## About this task
Copy out the data in full and exactly, passing over the pictures.

## The input
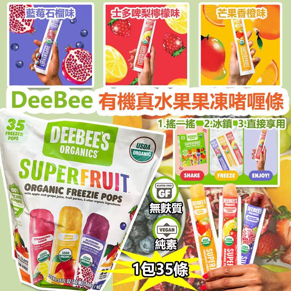 DeeBee 有機真水果果凍啫喱條 (1包35條) ❌❌截單日:2/5/2024 💰$169/包;2包以上$159/包 🚚🚚到貨日:7月中下旬 嘩💥呢款含100%果汁/果泥既小果凍零食推介比屋企有小朋友既大家👍🏻 夏天至正既享受😎 🌱天然有機健康!岩曬小朋友食用😋😋 🤤🤤酸酸甜甜,🫐🍓🍋🥭🍊濃郁果味,開胃又好味 冰鎮過後,味道更佳~岩曬夏季食用~ 💛無麩質 💛非轉基因 💛純素 💛無添加糖 💛不含人工色素/香料/防腐劑/蘋果酸 💛100%果汁/果泥 💛有機食品 🤤🤤一包有三款口味(35條獨立包裝): 🫐藍莓石榴味 🍓🍋士多啤梨檸檬味 🥭🍊芒果香橙味 📝最佳食用方法: 1️⃣搖一搖 2️⃣冰鎮 3️⃣直接享用 -規格:1包35條 -美國進口 -最佳品嘗期限:約2025年8月
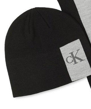 Calvin Klein Men's Logo Scarf & Beanie Hat Set Black Size Regular
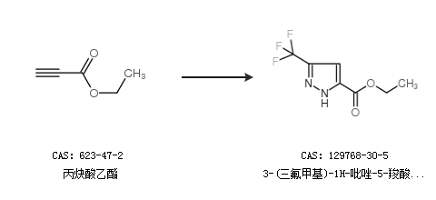 2.通过丙炔酸乙酯合成3-(三氟甲基)-1H-吡唑-5-羧酸乙酯
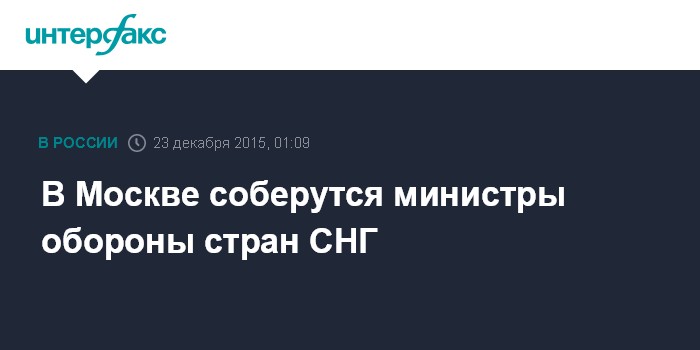 Москва. 23 декабря. INTERFAX.RU - В Москве состоится очередное 69-е заседание Совета министров обороны государств - участников Содружества Независимых Государств, сообщает Управление пресс-службы и информации Министерства обороны Российской Федерации.
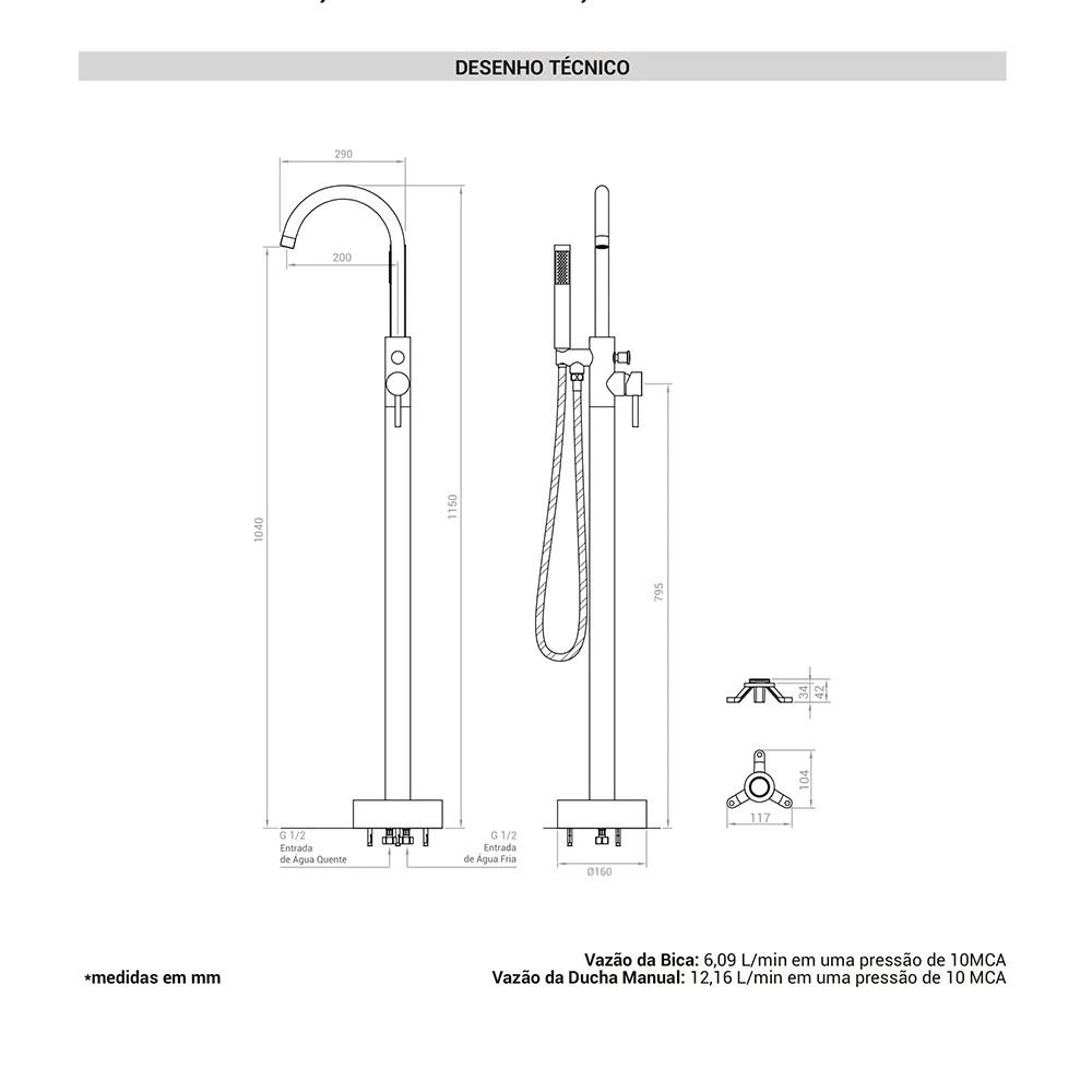 O monocomando é desenvolvido em liga de cobre de alta durabilidade, um material que assegura longa vida útil e resistência à corrosão. Com uma vazão otimizada na bica (12,7 L/min) e na ducha manual (9,1 L/min), a peça oferece um desempenho eficiente no enchimento da banheira e no uso da ducha, garantindo o máximo de conforto.

## Answer to this problem
 DeeBee 有機真水果果凍啫喱條 (1包35條) ❌❌截單日:2/5/2024 💰$169/包;2包以上$159/包 🚚🚚到貨日:7月中下旬 嘩💥呢款含100%果汁/果泥既小果凍零食推介比屋企有小朋友既大家👍🏻 夏天至正既享受😎 🌱天然有機健康!岩曬小朋友食用😋😋 🤤🤤酸酸甜甜,🫐🍓🍋🥭🍊濃郁果味,開胃又好味 冰鎮過後,味道更佳~岩曬夏季食用~ 💛無麩質 💛非轉基因 💛純素 💛無添加糖 💛不含人工色素/香料/防腐劑/蘋果酸 💛100%果汁/果泥 💛有機食品 🤤🤤一包有三款口味(35條獨立包裝): 🫐藍莓石榴味 🍓🍋士多啤梨檸檬味 🥭🍊芒果香橙味 📝最佳食用方法: 1️⃣搖一搖 2️⃣冰鎮 3️⃣直接享用 -規格:1包35條 -美國進口 -最佳品嘗期限:約2025年8月
 Calvin Klein Men's Logo Scarf & Beanie Hat Set Black Size Regular
 2.通过丙炔酸乙酯合成3-(三氟甲基)-1H-吡唑-5-羧酸乙酯
 Москва. 23 декабря. INTERFAX.RU - В Москве состоится очередное 69-е заседание Совета министров обороны государств - участников Содружества Независимых Государств, сообщает Управление пресс-службы и информации Министерства обороны Российской Федерации.
 O monocomando é desenvolvido em liga de cobre de alta durabilidade, um material que assegura longa vida útil e resistência à corrosão. Com uma vazão otimizada na bica (12,7 L/min) e na ducha manual (9,1 L/min), a peça oferece um desempenho eficiente no enchimento da banheira e no uso da ducha, garantindo o máximo de conforto.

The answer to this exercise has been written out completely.